> _Task instructions_
Where the lines below hold images, skip those and copy every word exactly.

> _Data shown_
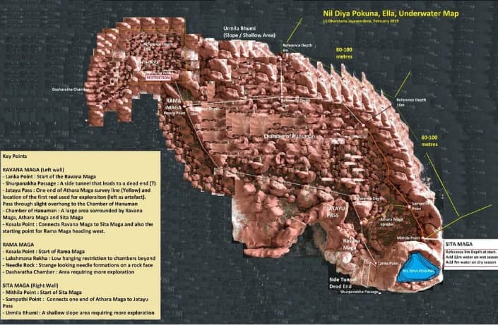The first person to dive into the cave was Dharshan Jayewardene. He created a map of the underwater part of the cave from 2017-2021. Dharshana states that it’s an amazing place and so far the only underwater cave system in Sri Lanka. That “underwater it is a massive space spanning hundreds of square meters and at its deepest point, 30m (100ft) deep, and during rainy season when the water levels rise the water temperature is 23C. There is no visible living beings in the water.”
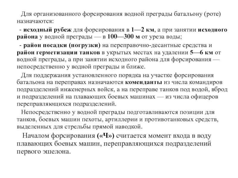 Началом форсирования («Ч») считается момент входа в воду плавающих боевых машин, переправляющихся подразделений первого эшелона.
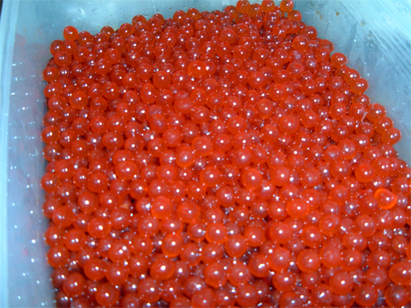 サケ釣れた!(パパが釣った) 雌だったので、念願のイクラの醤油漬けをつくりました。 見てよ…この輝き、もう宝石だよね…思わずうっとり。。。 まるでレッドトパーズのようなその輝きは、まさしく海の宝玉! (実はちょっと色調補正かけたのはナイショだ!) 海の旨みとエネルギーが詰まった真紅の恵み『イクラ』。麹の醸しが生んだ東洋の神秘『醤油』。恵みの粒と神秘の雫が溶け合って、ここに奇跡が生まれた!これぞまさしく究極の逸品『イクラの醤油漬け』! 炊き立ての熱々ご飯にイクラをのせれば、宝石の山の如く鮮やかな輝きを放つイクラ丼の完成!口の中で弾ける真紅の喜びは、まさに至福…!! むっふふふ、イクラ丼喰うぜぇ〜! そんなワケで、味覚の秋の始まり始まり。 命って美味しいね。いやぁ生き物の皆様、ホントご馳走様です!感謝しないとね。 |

> _Written solution_
The first person to dive into the cave was Dharshan Jayewardene. He created a map of the underwater part of the cave from 2017-2021. Dharshana states that it’s an amazing place and so far the only underwater cave system in Sri Lanka. That “underwater it is a massive space spanning hundreds of square meters and at its deepest point, 30m (100ft) deep, and during rainy season when the water levels rise the water temperature is 23C. There is no visible living beings in the water.”
 Началом форсирования («Ч») считается момент входа в воду плавающих боевых машин, переправляющихся подразделений первого эшелона.
 サケ釣れた!(パパが釣った) 雌だったので、念願のイクラの醤油漬けをつくりました。 見てよ…この輝き、もう宝石だよね…思わずうっとり。。。 まるでレッドトパーズのようなその輝きは、まさしく海の宝玉! (実はちょっと色調補正かけたのはナイショだ!) 海の旨みとエネルギーが詰まった真紅の恵み『イクラ』。麹の醸しが生んだ東洋の神秘『醤油』。恵みの粒と神秘の雫が溶け合って、ここに奇跡が生まれた!これぞまさしく究極の逸品『イクラの醤油漬け』! 炊き立ての熱々ご飯にイクラをのせれば、宝石の山の如く鮮やかな輝きを放つイクラ丼の完成!口の中で弾ける真紅の喜びは、まさに至福…!! むっふふふ、イクラ丼喰うぜぇ〜! そんなワケで、味覚の秋の始まり始まり。 命って美味しいね。いやぁ生き物の皆様、ホントご馳走様です!感謝しないとね。 |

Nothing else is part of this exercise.